1. **Branching early** the model explored two promising first moves instead of locking in one.
2. **Heuristic verdicts** (“sure / maybe / impossible”) pruned obviously bad paths.
3. **Beam search** followed the most promising branch to depth 3, producing a correct equation in only 7 thought evaluations—far fewer than brute‑forcing every possibility.

---

### Why ToT is a Big Deal

ToT offers several key advantages:

- **Generality:** It's a framework that can be adapted to many different problems, and methods like CoT can be seen as simpler versions of ToT.
- **Modularity:** Different parts (like how thoughts are generated, evaluated, or the search algorithm used) can be changed independently.
- **Adaptability:** It can be adjusted based on the specific problem, the strength of the LLM being used, and even resource limits.
- **Convenience:** It works with existing, pre-trained LLMs like GPT-4 without needing extra training.

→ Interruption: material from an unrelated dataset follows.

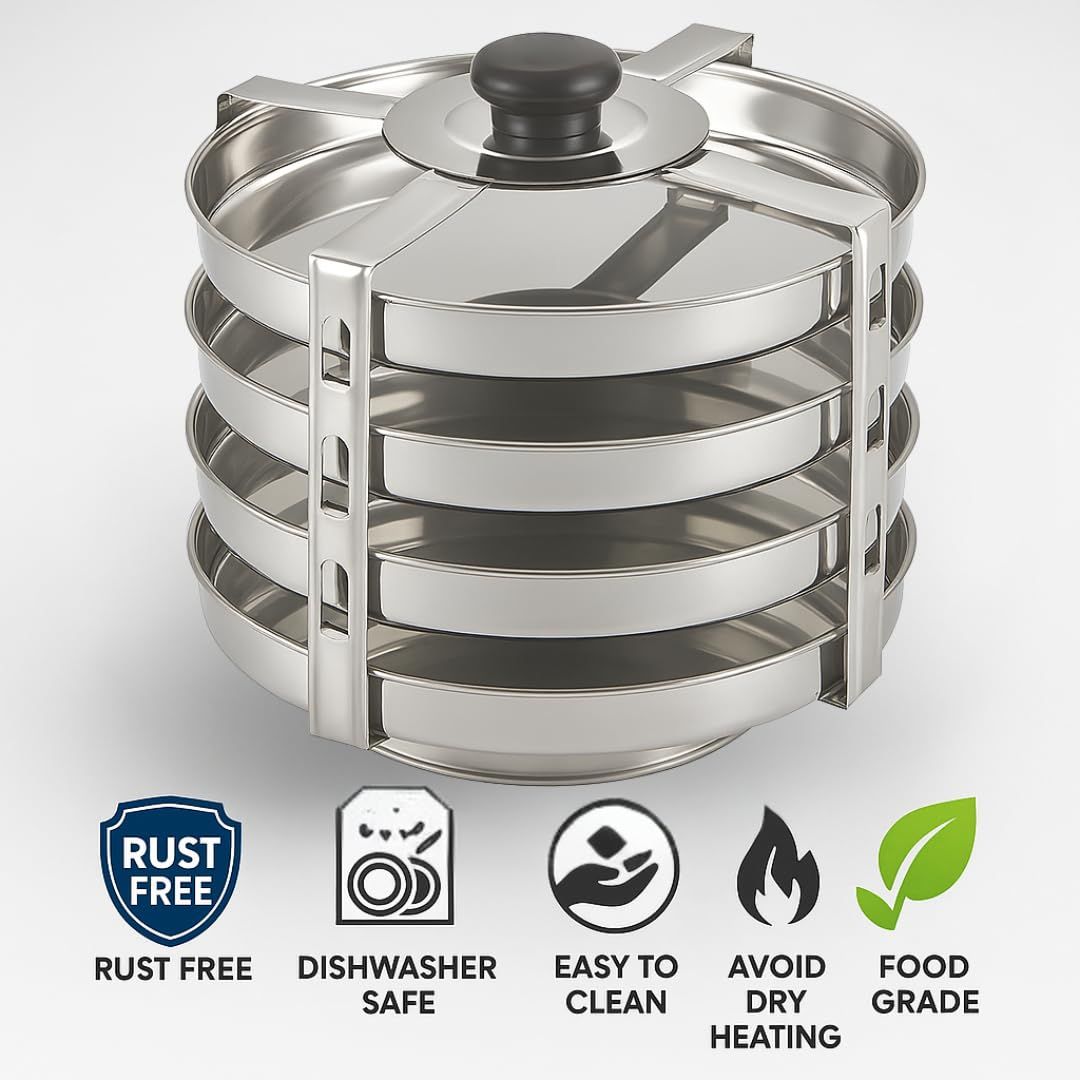 Even Heat Distribution: Crafted from stainless steel for even steaming and consistent cooking results. Ensures soft, fluffy idlis and perfectly steamed khaman dhokla every time

While using ToT requires more computation (more prompts to generate and evaluate multiple thoughts) than a single CoT run, it allows LLMs to solve problems they simply couldn't reliably solve before. It's a significant step towards making LLMs more capable problem solvers by merging their incredible language understanding with structured thinking processes inspired by classical AI search and human deliberation.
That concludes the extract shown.